Comment author: Douglas_Knight 13 November 2009 01:36:04PM 0 points [-]

The function whose continuity is at issue is the function from real numbers to lotteries that mixes A and B. C is being used to build open sets in the space of lotteries of the form of all lotteries better (or worse) than C, whose preimage in the real numbers must be open, rather than half-open.

Comment author: MendelSchmiedekamp 16 November 2009 03:58:59PM 0 points [-]

We are talking about the same thing here just at different levels of generality. The function you describe is the same as the one I'm describing, except on a much narrower domain (only a single binary lottery between A and B). Then you project the range to just a question about C.

In the specific function you are talking about, you must hold that this is true for all A, B, and C to get continuity. In the function I describe, the A, B, and C are generalized out, so the continuity property is equivalent to the continuity of the function.

Comment author: Douglas_Knight 11 November 2009 04:48:43AM 0 points [-]

Note, setting the limit to "no preference" does not resolve the discontinuity.
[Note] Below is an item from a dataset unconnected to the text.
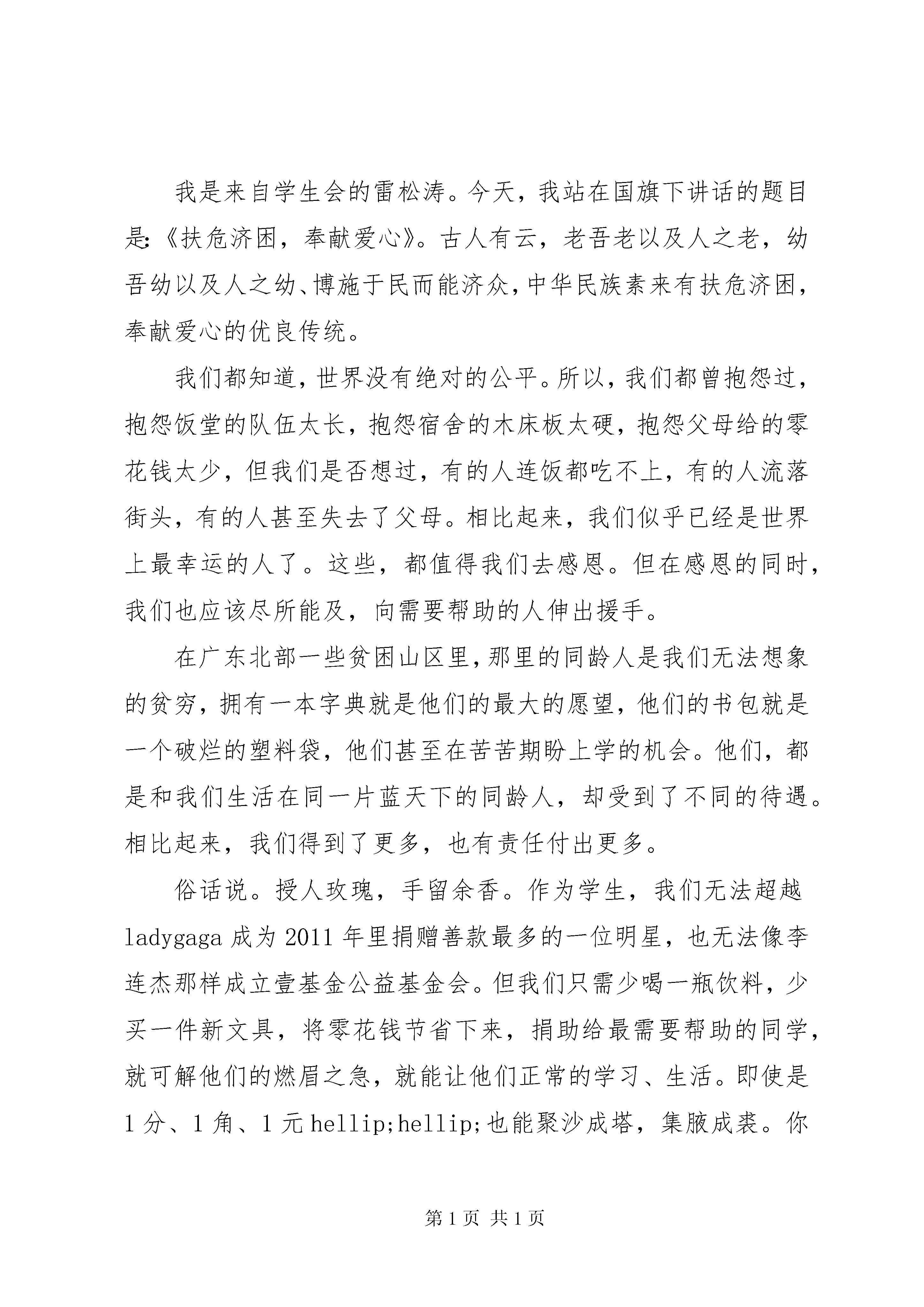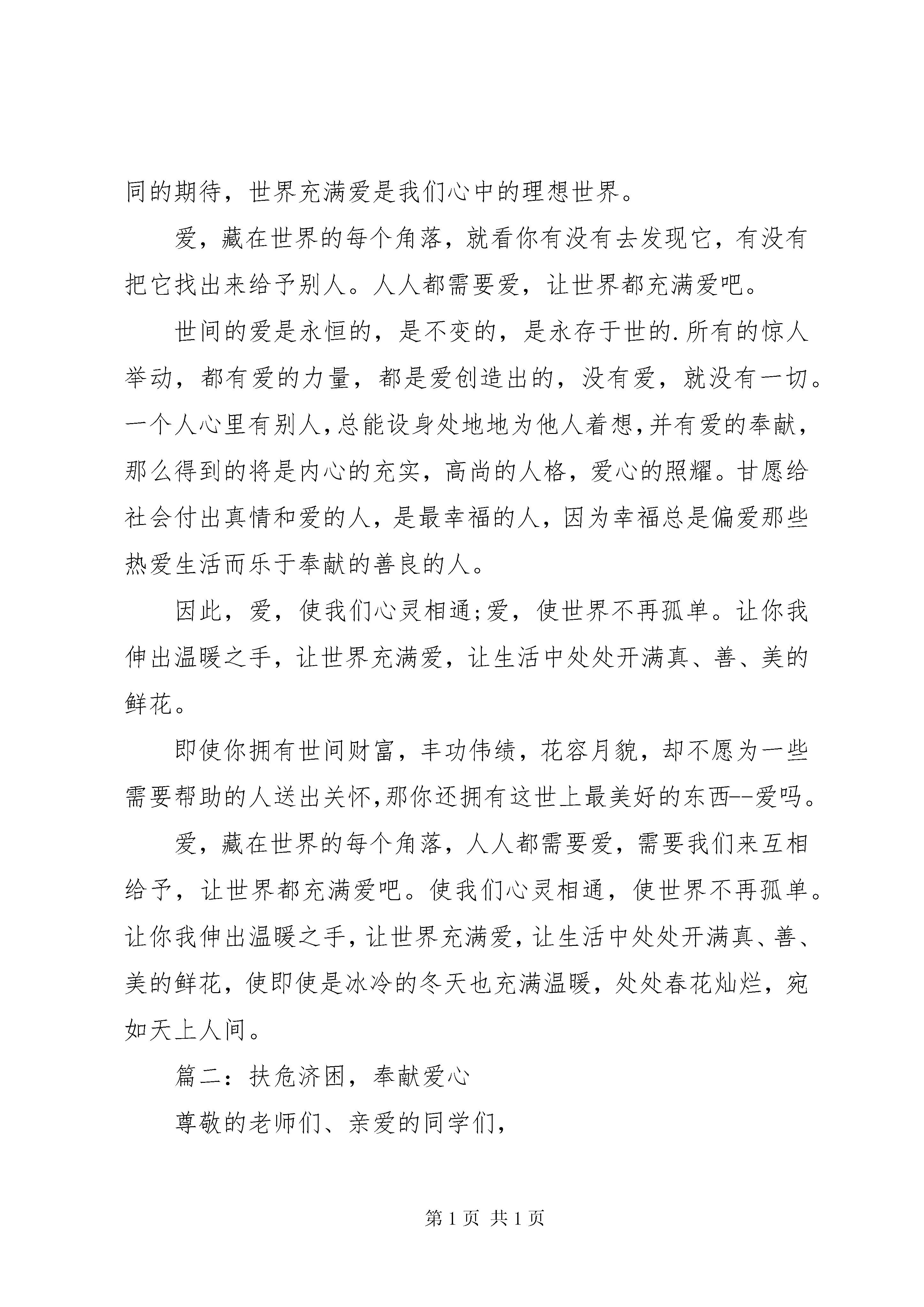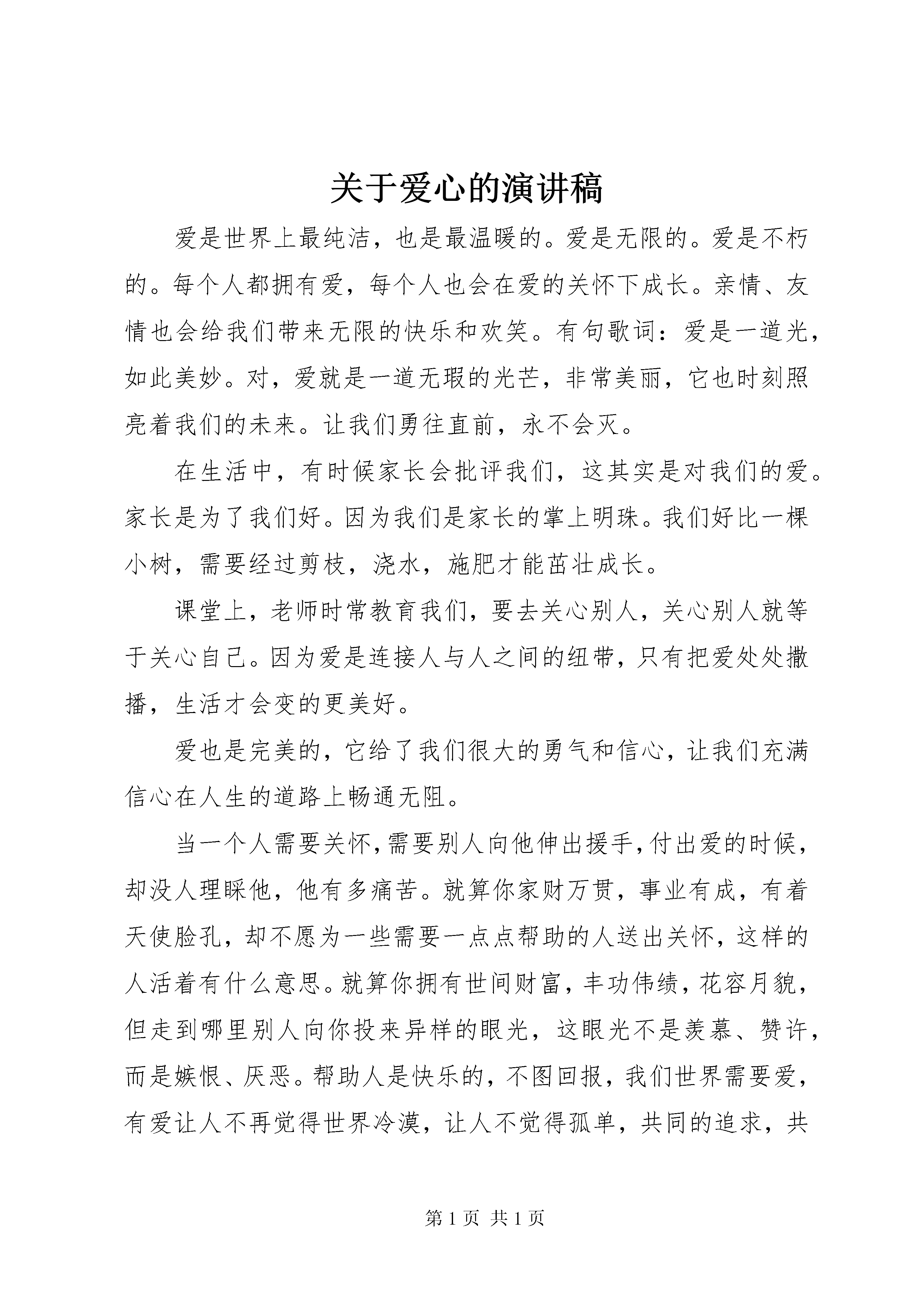 关于爱心的演讲稿爱是世界上最纯洁,也是最温暖的。爱是无限的。爱是不朽的。每个人都拥有爱,每个人也会在爱的关怀下成长。亲情、友情也会给我们带来无限的快乐和欢笑。有句歌词:爱是一道光,如此美妙。对,爱就是一道无瑕的光芒,非常美丽,它也时刻照亮着我们的未来。让我们勇往直前,永不会灭。在生活中,有时候家长会批评我们,这其实是对我们的爱。家长是为了我们好。因为我们是家长的掌上明珠。我们好比一棵小树,需要经过剪枝,浇水,施肥才能茁壮成长。课堂上,老师时常教育我们,要去关心别人,关心别人就等于关心自己。因为爱是连接人与人之间的纽带,只有把爱处处撒播,生活才会变的更美好。爱也是完美的,它给了我们很大的勇气和信心,让我们充满信心在人生的道路上畅通无阻。当一个人需要关怀,需要别人向他伸出援手,付出爱的时候,却没人理睬他,他有多痛苦。就算你家财万贯,事业有成,有着天使脸孔,却不愿为一些需要一点点帮助的人送出关怀,这样的人活着有什么意思。就算你拥有世间财富,丰功伟绩,花容月貌,但走到哪里别人向你投来异样的眼光,这眼光不是羡慕、赞许,而是嫉恨、厌恶。帮助人是快乐的,不图回报,我们世界需要爱,有爱让人不再觉得世界冷漠,让人不觉得孤单,共同的追求,共同的期待,世界充满爱是我们心中的理想世界。爱,藏在世界的每个角落,就看你有没有去发现它,有没有把它找出来给予别人。人人都需要爱,让世界都充满爱吧。世间的爱是永恒的,是不变的,是永存于世的.所有的惊人举动,都有爱的力量,都是爱创造出的,没有爱,就没有一切。一个人心里有别人,总能设身处地地为他人着想,并有爱的奉献,那么得到的将是内心的充实,高尚的人格,爱心的照耀。甘愿给社会付出真情和爱的人,是最幸福的人,因为幸福总是偏爱那些热爱生活而乐于奉献的善良的人。因此,爱,使我们心灵相通;爱,使世界不再孤单。让你我伸出温暖之手,让世界充满爱,让生活中处处开满真、善、美的鲜花。即使你拥有世间财富,丰功伟绩,花容月貌,却不愿为一些需要帮助的人送出关怀,那你还拥有这世上最美好的东西--爱吗。爱,藏在世界的每个角落,人人都需要爱,需要我们来互相给予,让世界都充满爱吧。使我们心灵相通,使世界不再孤单。让你我伸出温暖之手,让世界充满爱,让生活中处处开满真、善、美的鲜花,使即使是冰冷的冬天也充满温暖,处处春花灿烂,宛如天上人间。篇二:扶危济困,奉献爱心尊敬的老师们、亲爱的同学们,我是来自学生会的雷松涛。今天,我站在国旗下讲话的题目是:《扶危济困,奉献爱心》。古人有云,老吾老以及人之老,幼吾幼以及人之幼、博施于民而能济众,中华民族素来有扶危济困,奉献爱心的优良传统。我们都知道,世界没有绝对的公平。所以,我们都曾抱怨过,抱怨饭堂的队伍太长,抱怨宿舍的木床板太硬,抱怨父母给的零花钱太少,但我们是否想过,有的人连饭都吃不上,有的人流落街头,有的人甚至失去了父母。相比起来,我们似乎已经是世界上最幸运的人了。这些,都值得我们去感恩。但在感恩的同时,我们也应该尽所能及,向需要帮助的人伸出援手。在广东北部一些贫困山区里,那里的同龄人是我们无法想象的贫穷,拥有一本字典就是他们的最大的愿望,他们的书包就是一个破烂的塑料袋,他们甚至在苦苦期盼上学的机会。他们,都是和我们生活在同一片蓝天下的同龄人,却受到了不同的待遇。相比起来,我们得到了更多,也有责任付出更多。俗话说。授人玫瑰,手留余香。作为学生,我们无法超越ladygaga成为2011年里捐赠善款最多的一位明星,也无法像李连杰那样成立壹基金公益基金会。但我们只需少喝一瓶饮料,少买一件新文具,将零花钱节省下来,捐助给最需要帮助的同学,就可解他们的燃眉之急,就能让他们正常的学习、生活。即使是1分、1角、1元hellip;hellip;也能聚沙成塔,集腋成裘。你不经意的一份爱心,一份关怀,也许就会改变一个同龄人的人生轨迹。

But by intermediate value, there will exist at least one such point in any continuous approximation of the discontinuous function.

What is the discontinuous function? the function that assigns a preference to a dilemma? (particularly, mixed dilemmas parameterized by probabilities) With discrete range, that can never be continuous.

I think you are complaining about the name "continuity axiom"; I am not the right target of that complaint! I don't know why it's called that, but I suspect you have jumped from the name to false beliefs about the axiom system.

There is another continuous function, which is the assignment of utilities to lotteries. But I think this is continuous (to the extent that it can be defined) without invoking the continuity axiom. It is more the inverse map, from utilities to indifference-classes of lotteries, that risks not being continuous. I would complain more that this map is not well-defined, but there may be a way of arranging something like indifference-classes to have a finer topology than the order topology (eg, the left-limit topology, or the discrete topology).

Comment author: MendelSchmiedekamp 11 November 2009 06:09:26PM 0 points [-]

I was talking about utility functions, but I can see your point about generalizing the result to the mapping from arbitrary dilemmas to preferences. Realize though, that preference space isn't discrete.

You can describe it as the function from a mixed dilemma to the joint relation space for < and =. Which you can treat as a somewhat more complex version of the ordinals (certainly you can construct a map to a dense version of the ordinals if you have at least 2 dilemmas and dense probability space). That gives you a notion of the preference space where a calculus concept of continuity does apply (as the continuity axiom is a variation on the intermediate value theorem for this space which implies typical continuity).

From this perspective, the point I'm making about continuous approximations should make more sense.

Comment author: RobinZ 10 November 2009 04:54:21PM 1 point [-]

Transitivity and Continuity are unnecessary, however.

Comment author: MendelSchmiedekamp 10 November 2009 05:24:09PM 0 points [-]

That is my reading of it too. I know Stuart is putting forward analytic results here, I was concerned that this one was not correctly represented.